Com os pilares teóricos fixados no método positivista é que Hans Kelsen
procurou delinear uma Ciência do Direito desprovida de qualquer outra influência que
lhe fosse externa. Assim, alhear o fenômeno jurídico de contaminações exteriores a sua
ontologia seria conferir-lhe cientificidade e autonomia. Dessa forma, por meio das
ambições de sua teoria, ter-se-ia uma descrição do Direito que correspondesse apenas a
uma descrição pura do Direito.
As categorias do ser e do dever-ser são os pólos com os quais lida Hans Kelsen,
para distinguir realidade e Direito, que caminham em flagrante dissintonia, em sua
teoria. Mais precisamente, é com a quebra da relação ser/dever-ser que pretende Hans
Kelsen operar para diferir o que é jurídico (fenômeno jurídico puro) do que não é
jurídico (cultural, sociológico, antropológico, ético, metafísico, religioso).
A atitude do jurista, segundo Kelsen, deve consistir num partir da norma
jurídica dada, para chegar à própria norma jurídica dada. Para o positivismo
kelseniano, a norma jurídica é o alfa (α) e o ômega (Ω) do sistema normativo, ou seja, o
princípio e fim de todo o sistema.
Kelsen termina por afirmar que a “ciência jurídica não tem espaço para os juízos
de justiça”, mas somente para os juízos de Direito. O que se pode reconhecer é que
existe um consentimento de todas as pessoas em aceitar a Constituição, e é a partir
desse simples dado que deve raciocinar o jurista.
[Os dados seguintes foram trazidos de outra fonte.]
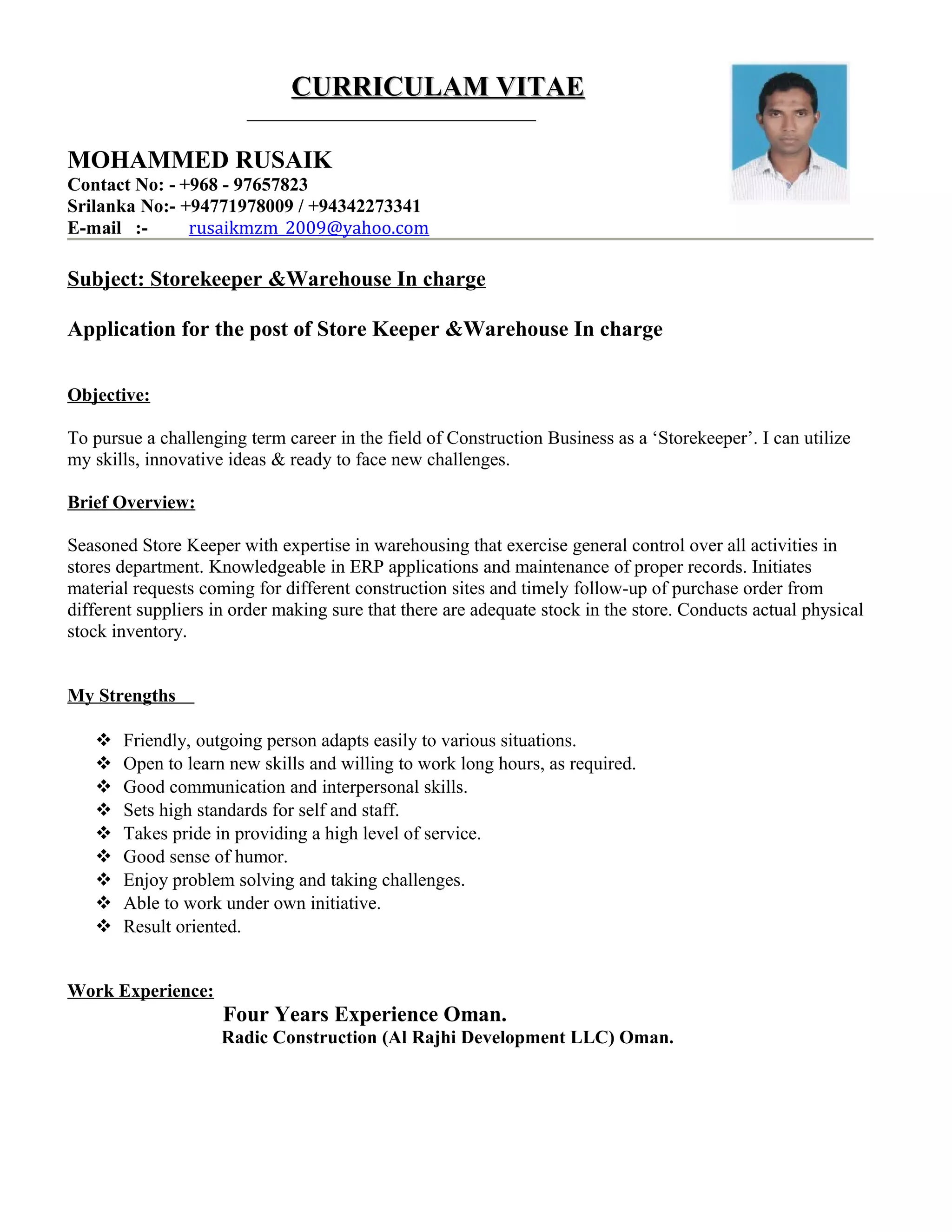 Mohammed Rusaik is applying for the position of Storekeeper & Warehouse In Charge. He has over 4 years of experience in a similar role in Oman. His responsibilities included receiving and checking materials, issuing materials to workers, maintaining records and files, generating reports, and supervising the storage and movement of materials. He has expertise in ERP systems and proficiency in Microsoft Office. Rusaik is seeking a challenging long-term career where he can utilize his skills and experience as a Storekeeper.

Kelsen esclareceu repetidamente que a sua teoria é uma teoria pura do direito
positivo e não uma teoria do direito puro, ou seja, de um direito desligado da realidade.
A ciência do Direito não tem a ver com a conduta efetiva do homem, mas só com o
prescrito juridicamente. Não é uma ciência de fatos, mas de normas; o seu objeto não é
o que é ou acontece, mas sim um complexo de normas.
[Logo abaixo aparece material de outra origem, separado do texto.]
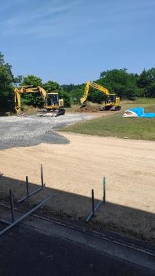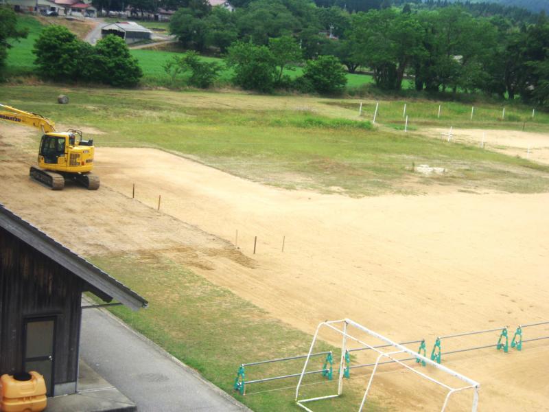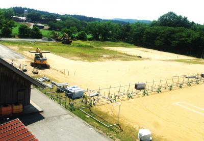 工事車両の進入路をつくっています。子どもたちには、近づかないように話をしてあり、この後大きな柵で区切られるようになります。安全に配慮しての工事になります。

O que a Teoria Pura procura identificar como relevante para a pesquisa jurídica
é o estudo da validade (existência de uma norma jurídica), a vigência (a produção de
efeitos de uma norma jurídica), a eficácia (condutas obedientes e observantes a uma
norma jurídica). Toda pesquisa da Teoria Pura se resume e se baseia no estudo da
norma jurídica.
Discutir sobre justiça é discutir sobre normas morais. Para Kelsen, porém,
discutir sobre justiça não é discutir sobre Direito, e vice-versa, porque toda ordem
jurídica é definida pelas normas jurídicas que possui. A doutrina da justiça não é objeto
de conhecimento do jurista, que deve estar afeito a compreender a mecânica das
normas jurídicas.
Justiça e injustiça nada têm a ver com validade de determinado direito positivo;
é essa a nota distintiva entre Direito e Ética. A validade de uma ordem jurídica não vem
contrariada pelo simples fato de que o Direito se tenha construído contra a moral. O
que é válido prepondera sobre o que é justo, pois o que á válido está de acordo com os
modos de existência normativa de dado ordenamento jurídico; o que é justo, por sua
vez, está no plano das especulações, dos valores etc. e aceitar que o justo prepondera
com relação ao válido é trocar o certo pelo dúbio.
Uma teoria sobre justiça responde por concepções acerca do justo e do injusto, e
o que é justo e injusto nem sempre é claro e unânime. Contudo, que há um justo e que
esse justo é um justo relativo, isso Kelsen admite.
O relativismo da justiça é, na teoria kelsiana, fruto do positivismo jurídico. Em
síntese, as idéias de que a ciência pura é a ciência a-valorativa, a-histórica, a-ética etc.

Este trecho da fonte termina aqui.